→ Exercise:
In your copy, include every line of the records exactly and no picture at all.

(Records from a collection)

=== Begin Enclosure ===

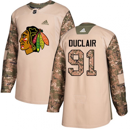 >Youth Adidas Chicago Blackhawks #91 Anthony Duclair Authentic Camo Veterans Day Practice NHL Jersey
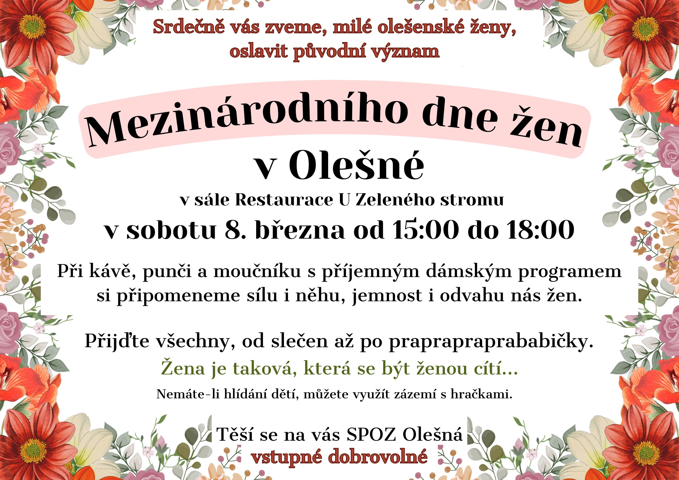 Všechny olešenské dívky a ženy srdečně zve Sbor pro občanské záležitosti Olešná.
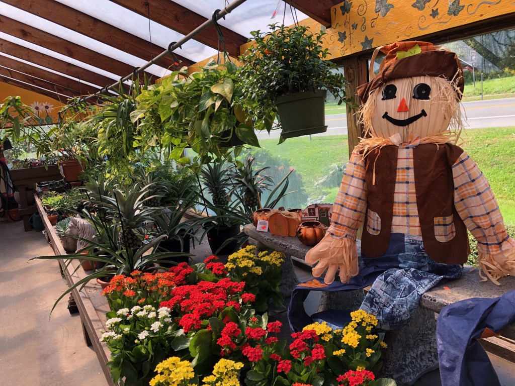 And the scarecrow stands guard over the plants.
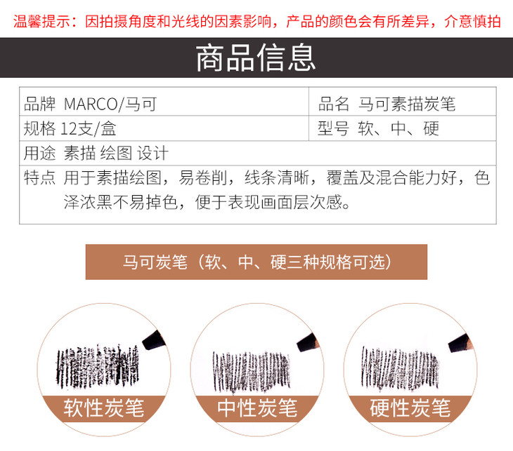 新品马可7016-12CB美术素描笔碳笔绘画铅笔 绘图炭笔软 中 硬
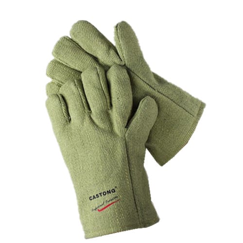 材质:手套采用对位芳纶与过氧碳纤维混纺,手套采用粗斜纹布缝制。 特性:手套耐温性能强,可耐650度-800度高温,耐磨,可左右手互换使用,散热效果好,使用寿命长。 应用场所:广泛应用于冶金﹑玻璃﹑钢铁制造、光伏、太阳能电池生产等大多数高温作业场所。
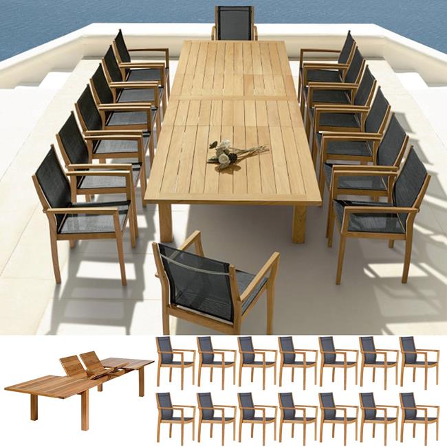![]() 14 Seater Horizon | Apex Set 1 No. 268-392 x 119cm Extending Apex Teak Table 14 No. Horizon Stacking Teak & Textilene Armchairs Availability: IN STOCK Product Code: BARLOWHORIZSET004 |
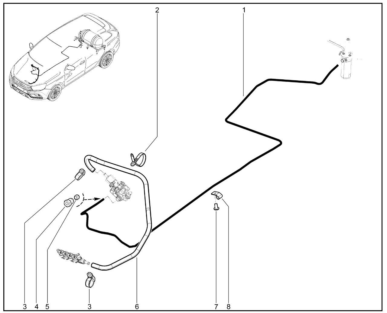 | 6 | Шланг от редуктора к рампе | 8450038142 | |

=== End Enclosure ===

→ Finished task:
 >Youth Adidas Chicago Blackhawks #91 Anthony Duclair Authentic Camo Veterans Day Practice NHL Jersey
 Všechny olešenské dívky a ženy srdečně zve Sbor pro občanské záležitosti Olešná.
 And the scarecrow stands guard over the plants.
 新品马可7016-12CB美术素描笔碳笔绘画铅笔 绘图炭笔软 中 硬
 材质:手套采用对位芳纶与过氧碳纤维混纺,手套采用粗斜纹布缝制。 特性:手套耐温性能强,可耐650度-800度高温,耐磨,可左右手互换使用,散热效果好,使用寿命长。 应用场所:广泛应用于冶金﹑玻璃﹑钢铁制造、光伏、太阳能电池生产等大多数高温作业场所。
![]() 14 Seater Horizon | Apex Set 1 No. 268-392 x 119cm Extending Apex Teak Table 14 No. Horizon Stacking Teak & Textilene Armchairs Availability: IN STOCK Product Code: BARLOWHORIZSET004 |
 | 6 | Шланг от редуктора к рампе | 8450038142 | |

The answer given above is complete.